The purpose of this study is to evaluate the safety and efficacy of ibrutinib in combination with rituximab in participants with Waldenström's macroglobulinemia (WM).
Study Type
INTERVENTIONAL
Allocation
RANDOMIZED
Purpose
TREATMENT
Masking
DOUBLE
Enrollment
181
Progression Free Survival (PFS) Based on Independent Review Committee (IRC) Assessment - Kaplan Meier Landmark Estimates at Month 54
PFS was defined as the time from date randomization to date of first IRC-confirmed disease progression (PD) assessed according to the modified VIth International Workshop on Waldenström's Macroglobulinemia (IWWM) criteria (National Comprehensive Cancer Network \[NCCN\] 2014) or death due to any cause, whichever occurs first, regardless of the use of subsequent antineoplastic therapy prior to documented PD or death.

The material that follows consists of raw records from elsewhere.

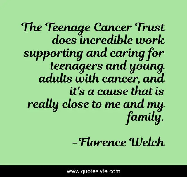 This page presents the quote "The Teenage Cancer Trust does incredible work supporting and caring for teenagers and young adults with cancer, and it's a cause that is really close to me and my family.". Author of this quote is Florence Welch. This quote is about caring, work, family,.
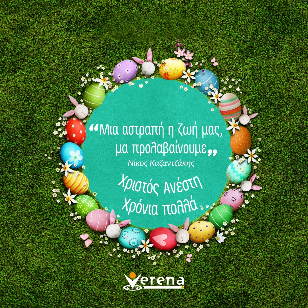 Το vERENA.GR και οι συνεργάτες του σας εύχονται Χριστός Ανέστη! Χρόνια Πολλά! Με υγεία που σήμερα είναι ενα απο τα βασικά ζητούμενα στην ζωή μας. Υγεία, χαρά, ευημερία, μια ζωή στο τώρα και όχι την αναμονή...Και του χρόνου! Ευχή όλων μας να έχουμε δαμάσει και την πανδημία και να έχουμε χαρά μια νέα πορεία, καλύτερη από τις προηγούμενες! Και του χρόνου!
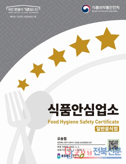 | ↑↑ 식품안심업소 지정증 |
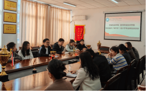 为切实推进新葡的京官网专升本会计学专业教育教学工作,有效解决同学们在校期间学习、生活等方面的困惑,11月6日,管理学院在1405会议室召开专升本会计学专业师生座谈会。参加座谈会的有安徽科技学院会计系主任岳文忠副教授、管理学院财务会计系主任夏敏、会计学专业授课老师和各班学生代表,会议由财务会计系党支部书记朱永勇主持。

As the median PFS was not reached in the Ibrutinib + Rituximab arm at the time of the analysis, Kaplan Meier landmark estimate of the PFS rate at 54 months (that is, the estimated percentage of participants with PFS at Month 54) is presented.

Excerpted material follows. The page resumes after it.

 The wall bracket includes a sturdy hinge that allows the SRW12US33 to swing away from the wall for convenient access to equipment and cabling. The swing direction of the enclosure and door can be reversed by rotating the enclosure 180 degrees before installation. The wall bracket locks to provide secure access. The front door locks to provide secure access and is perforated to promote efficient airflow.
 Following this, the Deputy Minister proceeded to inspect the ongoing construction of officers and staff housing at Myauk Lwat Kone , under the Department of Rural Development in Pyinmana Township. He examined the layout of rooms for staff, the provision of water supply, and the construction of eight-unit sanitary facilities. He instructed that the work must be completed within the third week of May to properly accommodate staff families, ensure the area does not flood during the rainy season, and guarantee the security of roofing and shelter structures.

Time frame: Month 54 (median time on study: 49.7 months [Ibr+R and Pbo+R] and 57.9 months [Open-Label Ibr])
Overall Response Rate (ORR) Based on IRC Assessment Up to 3 Years After Last Participant Randomized
ORR, defined as the percentage of participants achieving a best overall response of protocol-specified complete response (CR), very good partial response (VGPR), or partial response (PR) per the IRC assessment at or prior to initiation of subsequent antineoplastic therapy and confirmed by 2 consecutive assessments. IRC assessment of response was conducted according to the modified VIth IWWM (NCCN 2014) criteria and incorporated assessments from the central radiology review. CR required complete resolution of lymphadenopathy/splenomegaly if present at baseline. VGPR and PR required reduction in lymphadenopathy/splenomegaly if present at baseline.. Kaplan-Meier estimate.
Time frame: Median time on study: 49.7 months (Ibr+R and Pbo+R) and 57.9 months (Open-Label Ibr)

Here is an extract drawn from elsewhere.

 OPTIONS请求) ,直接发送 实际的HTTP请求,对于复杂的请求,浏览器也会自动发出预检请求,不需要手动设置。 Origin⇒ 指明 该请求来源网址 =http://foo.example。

Time to Next Treatment (TnT) Time From the Date of Randomization to the Start Date of Any Subsequent WM Treatment.
TTnT was measured from the date of randomization to the start date of any subsequent WM treatment. Participants without subsequent treatment were censored at the date of the last study visit. As the median TTnT was not reached in the Ibrutinib + Rituximab arm and the Open-Label Substudy arm at the time of the analysis, Kaplan Meier landmark estimate of the TTnT rate at 54 months (that is, the estimated percentage of participants not receiving subsequent WM treatment at Month 54) are presented.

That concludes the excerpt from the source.